IT’S an uncertain time to start investing, with both house prices and share markets looking shaky.
However, most investment experts will tell you the best time to get started is as soon as you can, because time in the market will usually trump any efforts to try and pick the best time to enter.
You don’t need to commit a fortune. Starting small is often a good idea for beginner investors, as is seeking expert advice and learning how to avoid the mistakes that newbies often make.
Here are five mistakes to watch out for.
Harvest Lane Asset Management managing director Luke Cummings said an investor fortunate to have an early win could liken the share market to “easy money”.
“Its’ very easy to get carried away by the temptation of going for the lotto-size winning trade, but it’s more likely that this type of investment will end in the destruction of your account than it will with you retiring early,” he said.
“The saying ‘slow and steady wins the race’ is a very appropriate one to keep in mind.”
2 INVESTING MORE THAN YOU’RE WILLING TO LOSE
All investments involve risk, so never pump in more money than you would be comfortable losing — or at least leaving in a loss-making investment for several years until it recovers.
Educating yourself about risk, and the benefits of diversifying your money across different types of assets, is important.
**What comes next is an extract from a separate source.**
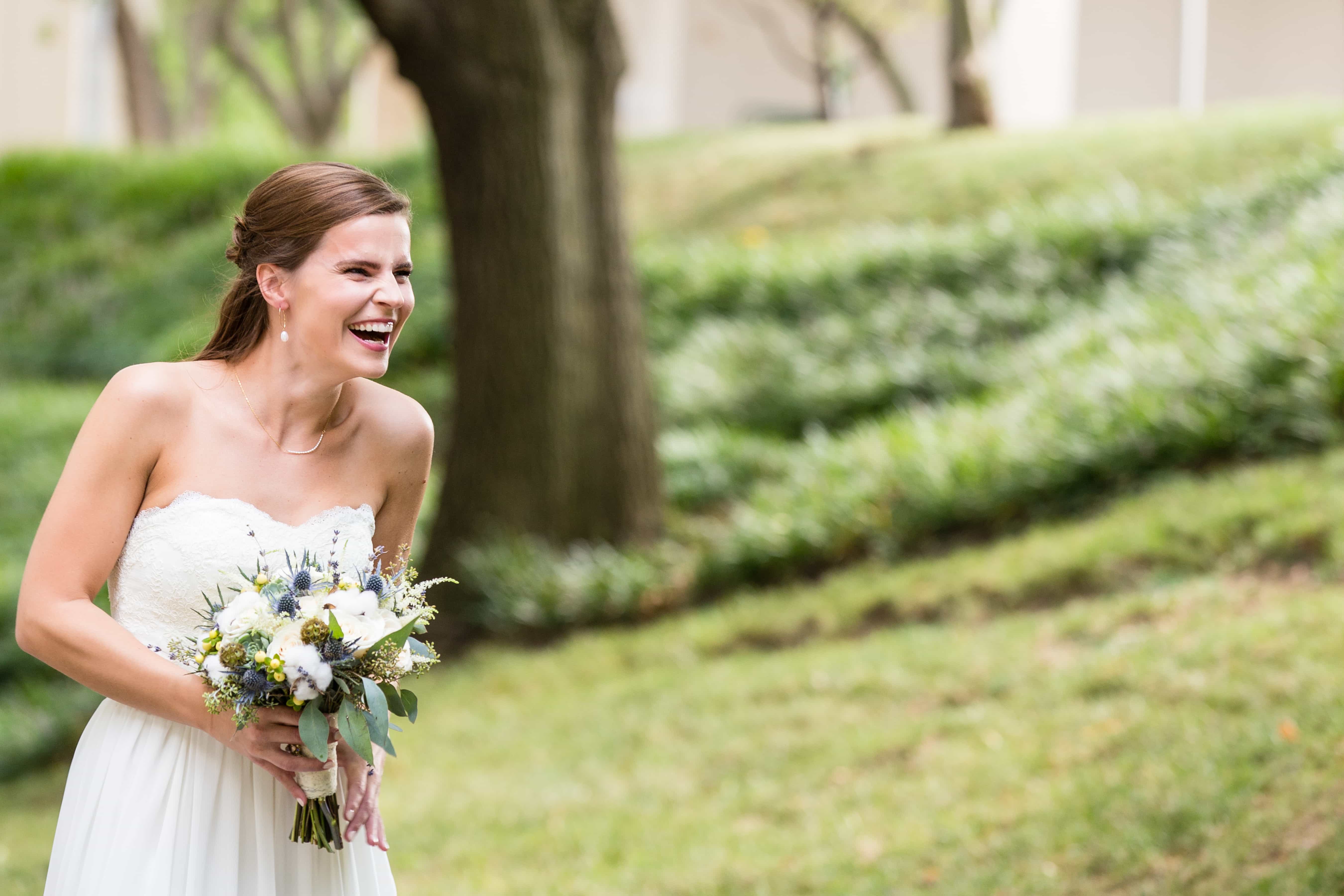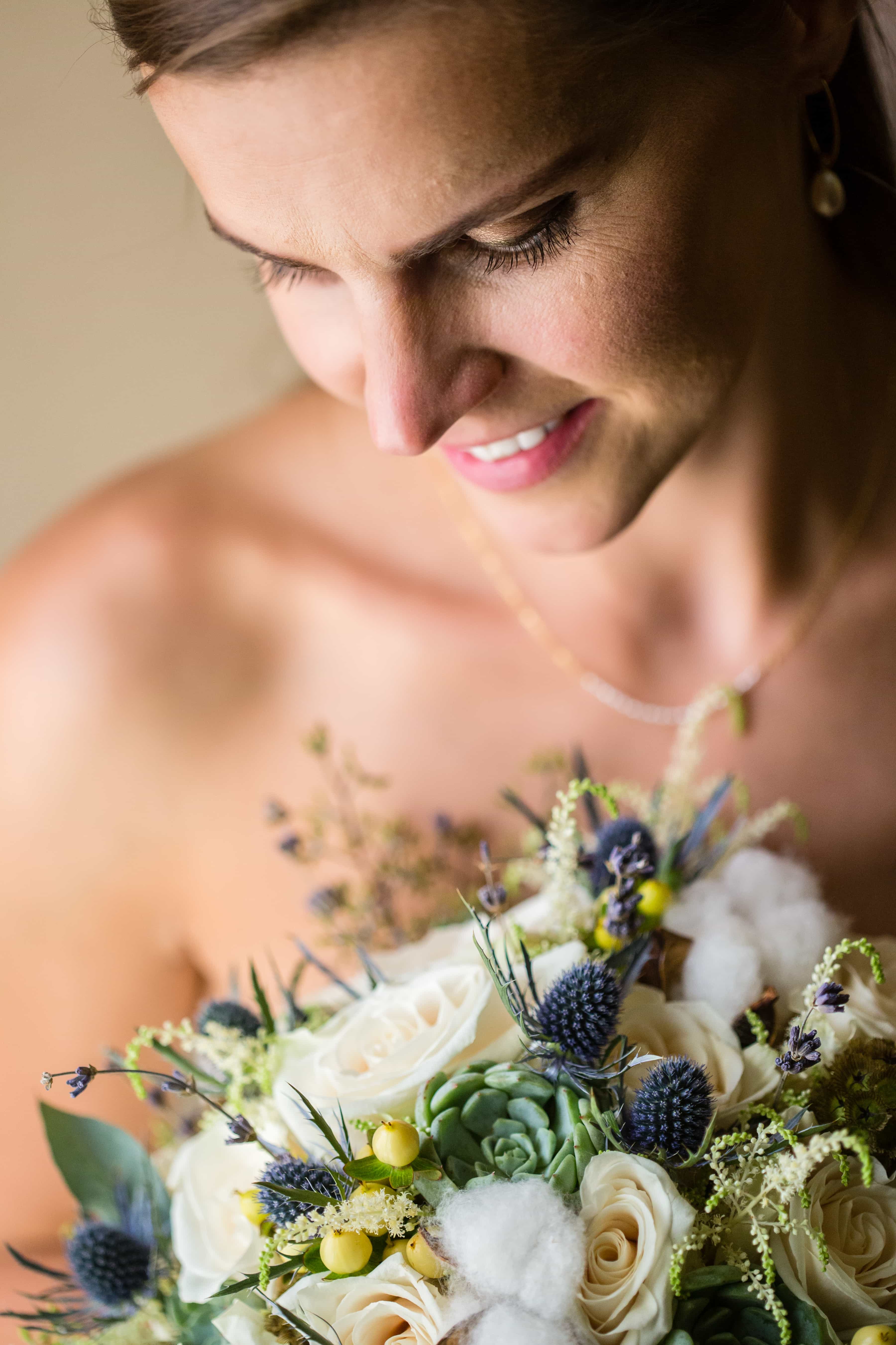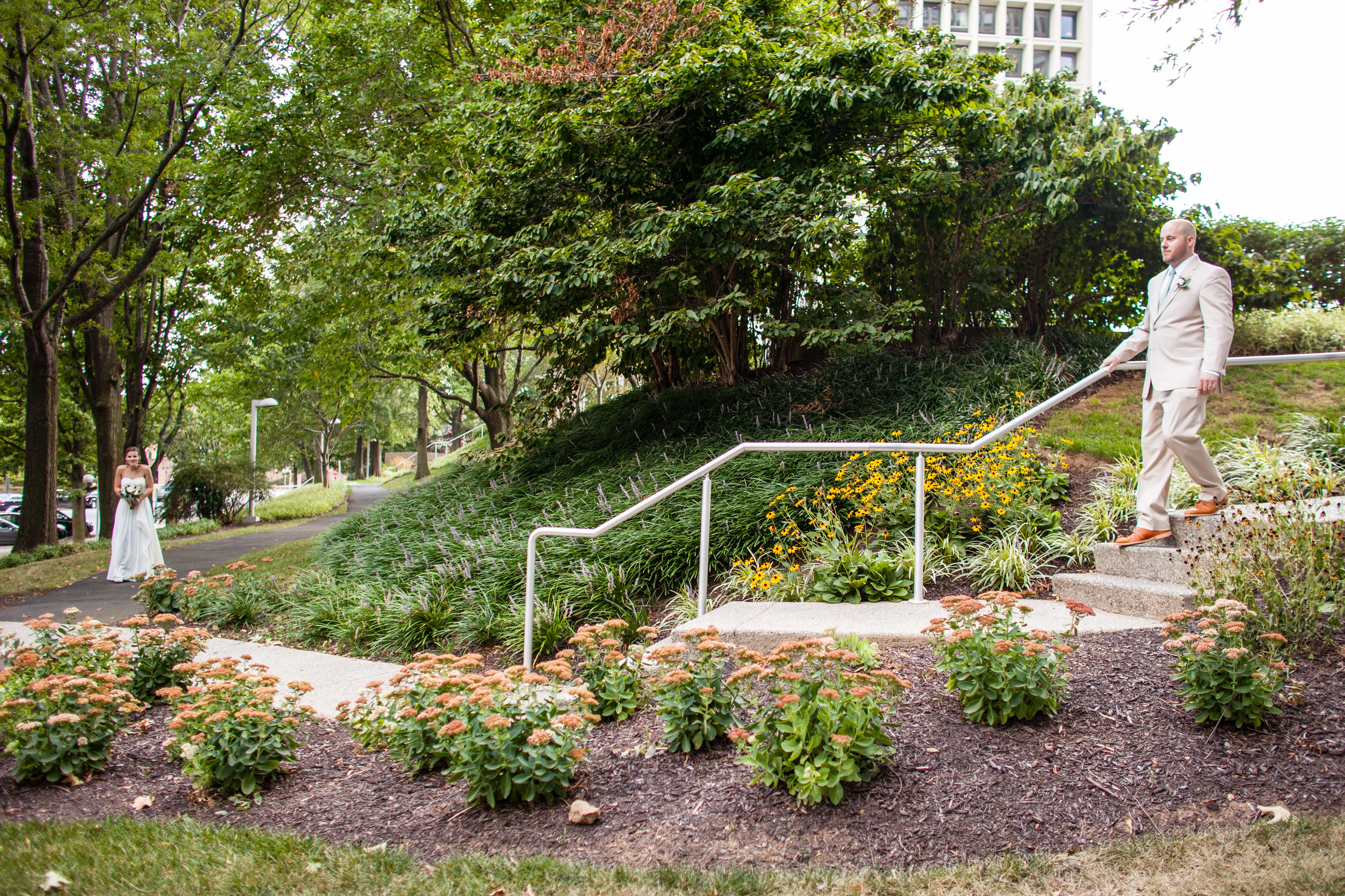 We orchestrated the first look at the top of a picturesque staircase where Tim waited for his lovely bride to be. Deanna excitedly moved into her position, and before we even gave her the go ahead she started walking towards her groom. After a brief pause at our behest, these two loves made a beeline for each other and shared a long embrace followed by tender kisses. These moments never become rote to us, each one is so unique, as unique as the two individuals and their love.
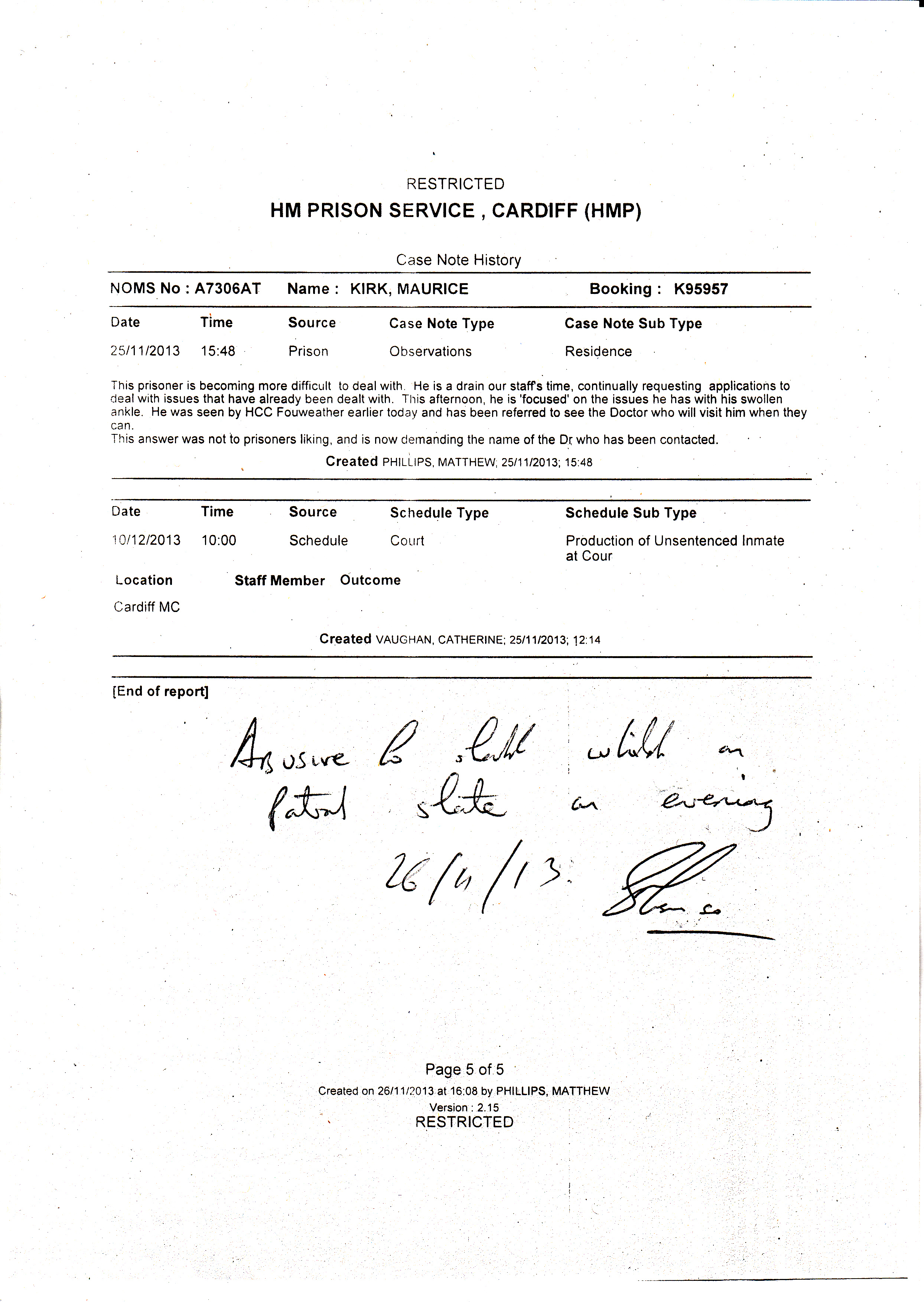 - to get pain killers not just from other inmates on the ‘lifers’ wing where he has been put, while technically ‘on remand’, i.e. without any charges

If the thought of losing a few hundred or few thousand dollars stops you from sleeping, perhaps investing in shares, property and other high-growth assets is not for you.
3 FEAR OF FEES
Nobody wants to spend a fortune on fees, but if the performance you are getting from an investment adviser or manager more than offsets the cost, it’s worth paying a little extra.
Mr Cummings said fees relative to performance were very important. “You can’t properly assess one investment option against another without being aware of both fees and performance,” he said.
4 FOLLOWING THE HERD
PM Capital founder and chief investment officer Paul Moore said many investors tended to follow the crowd, even though the crowd was always wrong.
“The best investment opportunities will find few who are interested, many who are dismissive and some who will even ridicule,” he said.
“If you want to be a successful investor you have got to be doing something different.”
5 KNEE-JERK REACTIONS
With higher growth comes higher risk, and investments will always bounce up and down in value. They key is to look beyond this volatility and invest for the long term.
“People get so fixated with what’s happening that they forget that most of the time it’s temporary,” Mr Moore said.
“You have just got to be patient. But people start thinking that’s the way it’s always going to be.”